## What is being asked
Search term "this": copy each line of the data containing it.

## Listed records
*-*-*
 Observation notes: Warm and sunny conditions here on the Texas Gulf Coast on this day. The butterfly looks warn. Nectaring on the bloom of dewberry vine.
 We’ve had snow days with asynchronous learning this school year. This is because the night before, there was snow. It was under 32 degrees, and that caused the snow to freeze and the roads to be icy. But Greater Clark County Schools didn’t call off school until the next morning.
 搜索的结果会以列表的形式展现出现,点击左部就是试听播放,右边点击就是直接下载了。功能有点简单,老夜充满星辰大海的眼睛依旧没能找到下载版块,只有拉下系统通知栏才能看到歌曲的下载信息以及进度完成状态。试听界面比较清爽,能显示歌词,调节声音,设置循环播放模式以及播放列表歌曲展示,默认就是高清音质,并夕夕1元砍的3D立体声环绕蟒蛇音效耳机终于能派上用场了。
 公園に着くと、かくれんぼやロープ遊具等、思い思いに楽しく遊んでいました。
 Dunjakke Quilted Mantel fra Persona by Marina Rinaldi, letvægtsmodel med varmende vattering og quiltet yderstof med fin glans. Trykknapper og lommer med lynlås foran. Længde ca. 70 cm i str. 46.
*-*-*
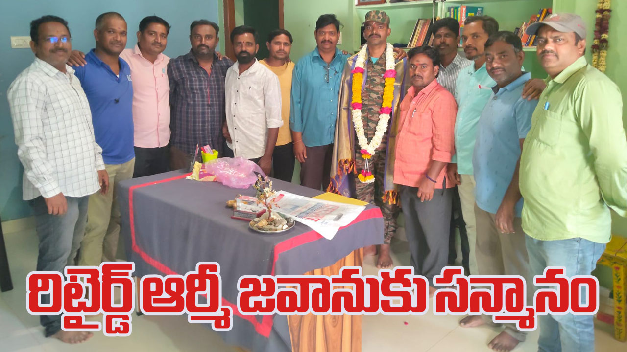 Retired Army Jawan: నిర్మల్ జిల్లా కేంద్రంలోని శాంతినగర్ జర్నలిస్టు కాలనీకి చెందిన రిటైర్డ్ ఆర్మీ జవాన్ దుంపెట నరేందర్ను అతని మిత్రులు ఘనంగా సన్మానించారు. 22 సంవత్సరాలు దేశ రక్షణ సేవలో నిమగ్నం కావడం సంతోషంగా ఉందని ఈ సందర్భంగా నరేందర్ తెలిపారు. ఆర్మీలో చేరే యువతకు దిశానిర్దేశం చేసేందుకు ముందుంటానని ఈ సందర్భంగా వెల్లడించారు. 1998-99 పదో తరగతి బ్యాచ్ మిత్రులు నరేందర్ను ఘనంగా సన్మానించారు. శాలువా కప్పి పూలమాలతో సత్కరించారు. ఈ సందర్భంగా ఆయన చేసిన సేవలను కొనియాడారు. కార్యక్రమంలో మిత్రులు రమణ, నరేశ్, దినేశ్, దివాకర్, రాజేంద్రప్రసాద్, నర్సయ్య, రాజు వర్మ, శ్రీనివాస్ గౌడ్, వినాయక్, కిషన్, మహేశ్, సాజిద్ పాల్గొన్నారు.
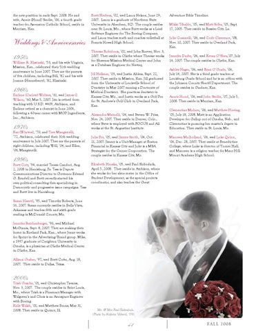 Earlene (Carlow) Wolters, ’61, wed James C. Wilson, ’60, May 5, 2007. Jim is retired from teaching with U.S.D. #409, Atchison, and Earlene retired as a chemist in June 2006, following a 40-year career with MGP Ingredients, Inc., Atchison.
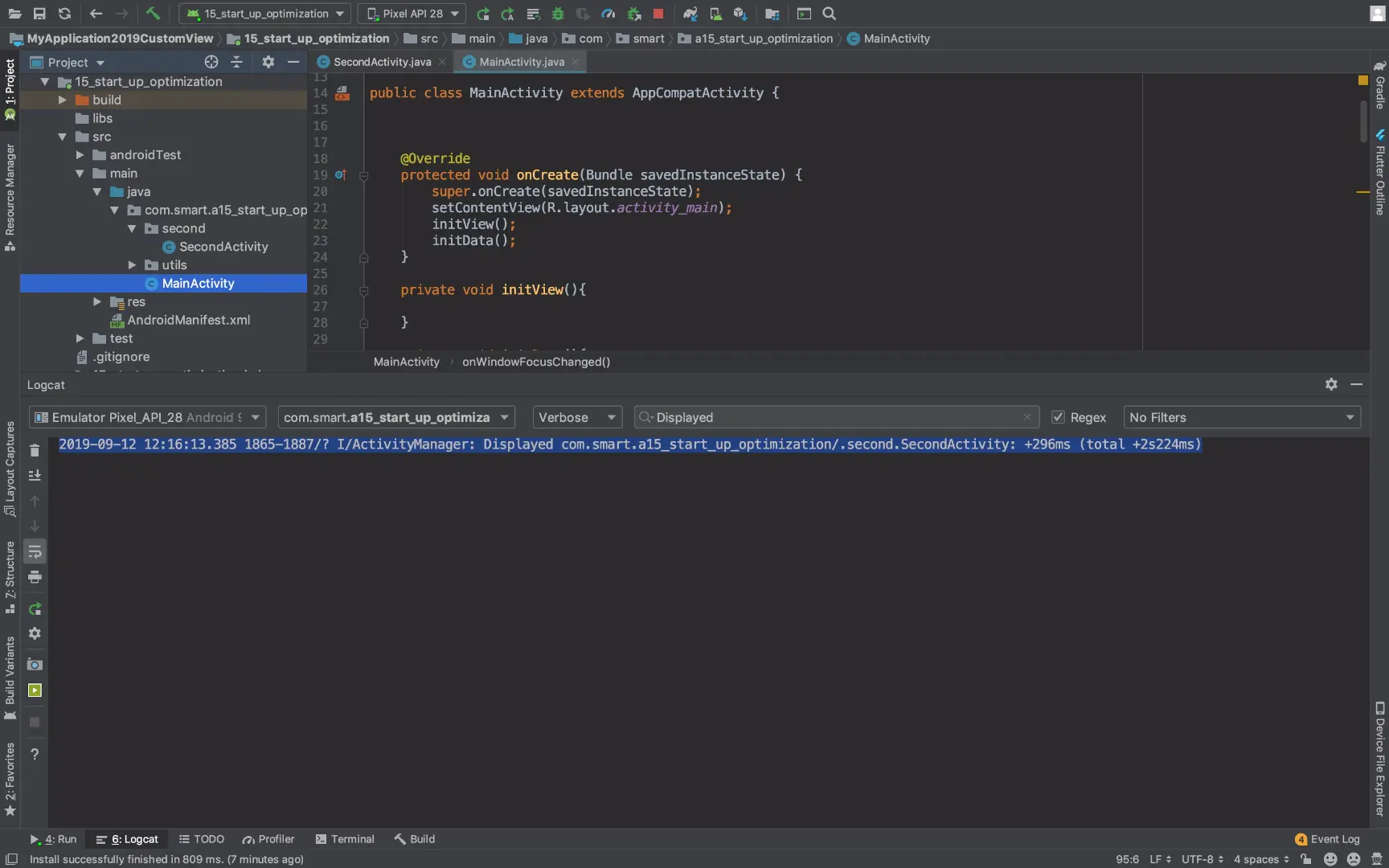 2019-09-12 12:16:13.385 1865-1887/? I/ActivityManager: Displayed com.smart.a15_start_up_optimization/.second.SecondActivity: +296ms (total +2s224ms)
*-*-*
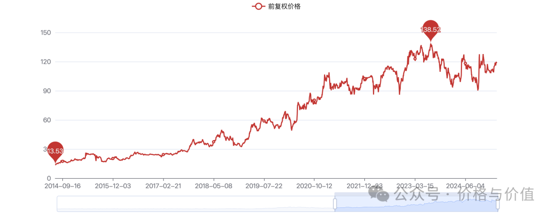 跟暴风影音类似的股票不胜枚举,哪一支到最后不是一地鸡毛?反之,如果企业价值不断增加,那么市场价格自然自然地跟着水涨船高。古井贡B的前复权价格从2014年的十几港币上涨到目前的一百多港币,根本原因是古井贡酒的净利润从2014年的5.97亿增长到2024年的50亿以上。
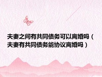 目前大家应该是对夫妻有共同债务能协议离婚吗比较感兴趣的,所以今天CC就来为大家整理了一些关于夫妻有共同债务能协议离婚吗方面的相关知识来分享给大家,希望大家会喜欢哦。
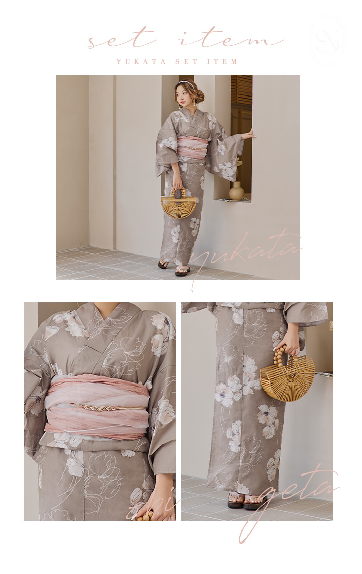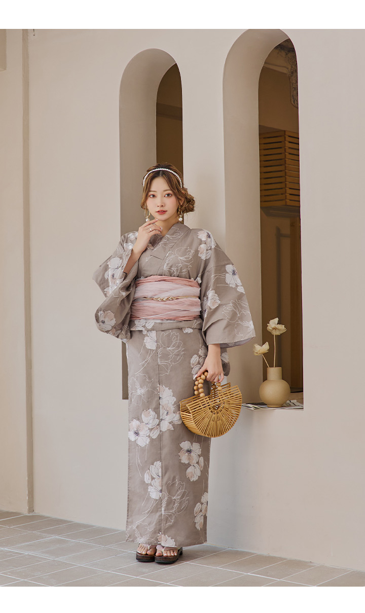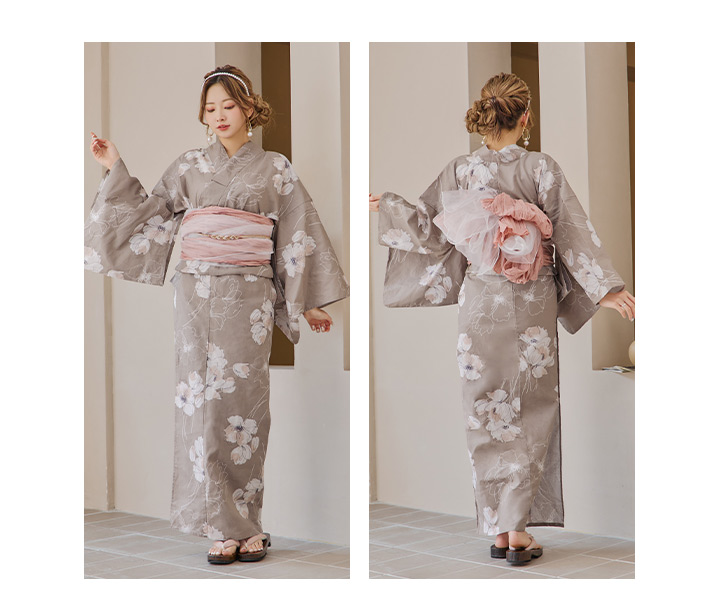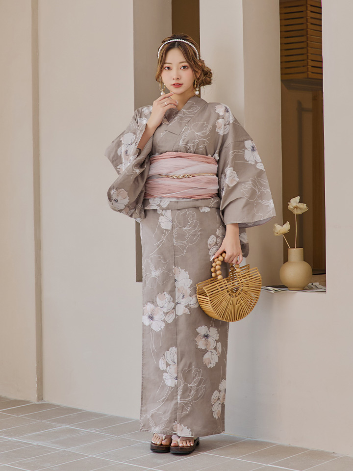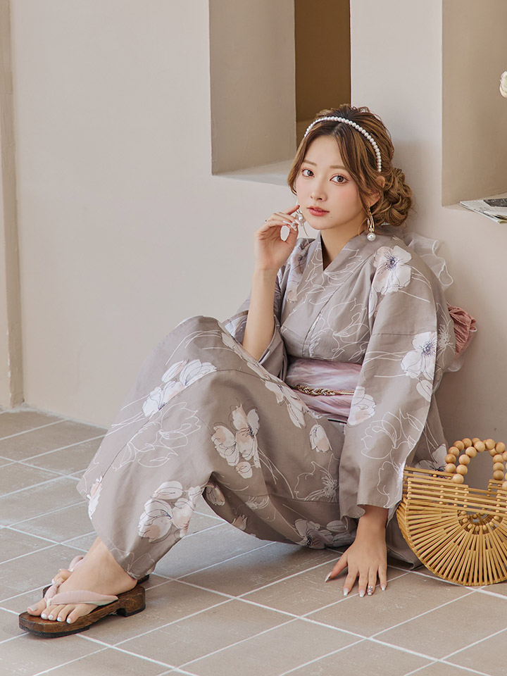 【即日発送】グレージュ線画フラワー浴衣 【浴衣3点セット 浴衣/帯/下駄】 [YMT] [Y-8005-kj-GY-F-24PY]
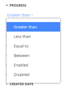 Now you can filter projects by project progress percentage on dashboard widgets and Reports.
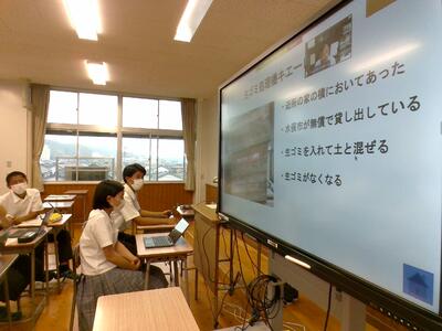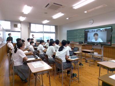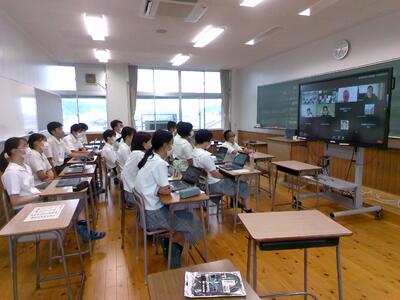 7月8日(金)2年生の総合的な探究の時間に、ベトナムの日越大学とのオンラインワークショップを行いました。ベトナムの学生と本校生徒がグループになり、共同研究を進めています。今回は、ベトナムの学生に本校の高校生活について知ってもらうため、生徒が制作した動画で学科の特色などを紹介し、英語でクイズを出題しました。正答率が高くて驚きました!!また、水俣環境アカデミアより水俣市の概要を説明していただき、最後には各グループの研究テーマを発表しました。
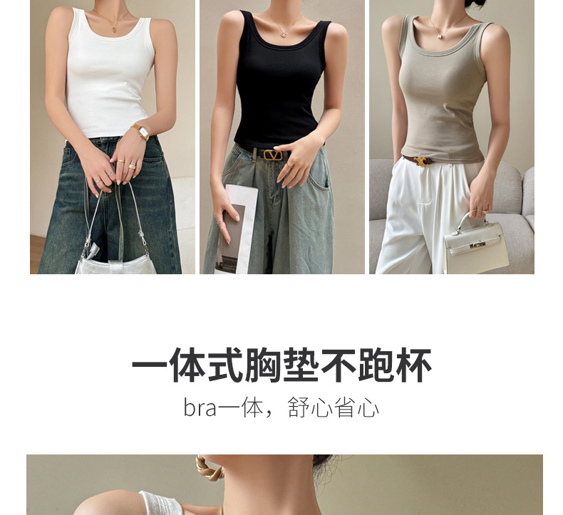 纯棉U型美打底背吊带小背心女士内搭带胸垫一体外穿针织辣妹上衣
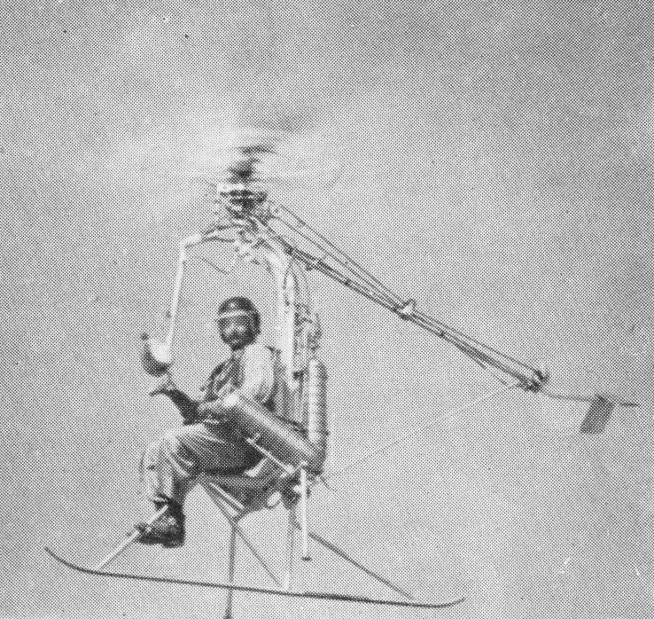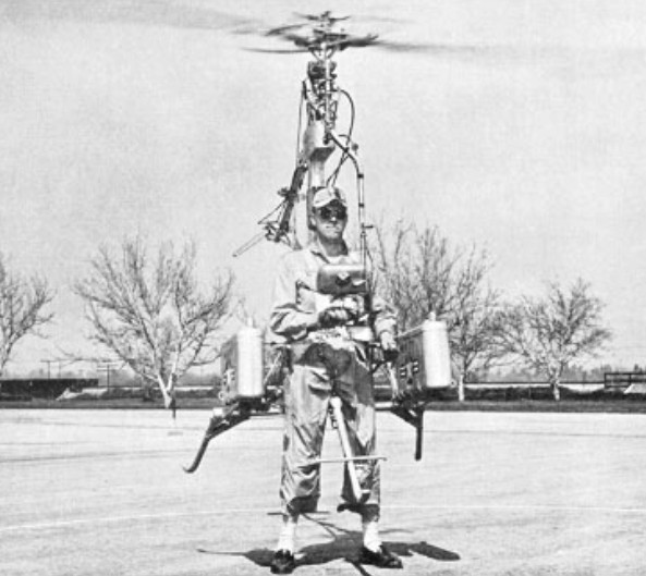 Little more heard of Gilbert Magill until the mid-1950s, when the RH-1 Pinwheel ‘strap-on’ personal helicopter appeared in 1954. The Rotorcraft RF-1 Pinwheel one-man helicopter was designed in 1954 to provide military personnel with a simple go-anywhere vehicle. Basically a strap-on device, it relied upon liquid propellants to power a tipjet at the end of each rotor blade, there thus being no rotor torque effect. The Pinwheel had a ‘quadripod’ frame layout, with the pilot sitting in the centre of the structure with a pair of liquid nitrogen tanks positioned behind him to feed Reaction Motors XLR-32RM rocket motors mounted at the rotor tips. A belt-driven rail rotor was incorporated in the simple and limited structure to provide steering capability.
*-*-*
## Answer to the exercise
 Observation notes: Warm and sunny conditions here on the Texas Gulf Coast on this day. The butterfly looks warn. Nectaring on the bloom of dewberry vine.
 We’ve had snow days with asynchronous learning this school year. This is because the night before, there was snow. It was under 32 degrees, and that caused the snow to freeze and the roads to be icy. But Greater Clark County Schools didn’t call off school until the next morning.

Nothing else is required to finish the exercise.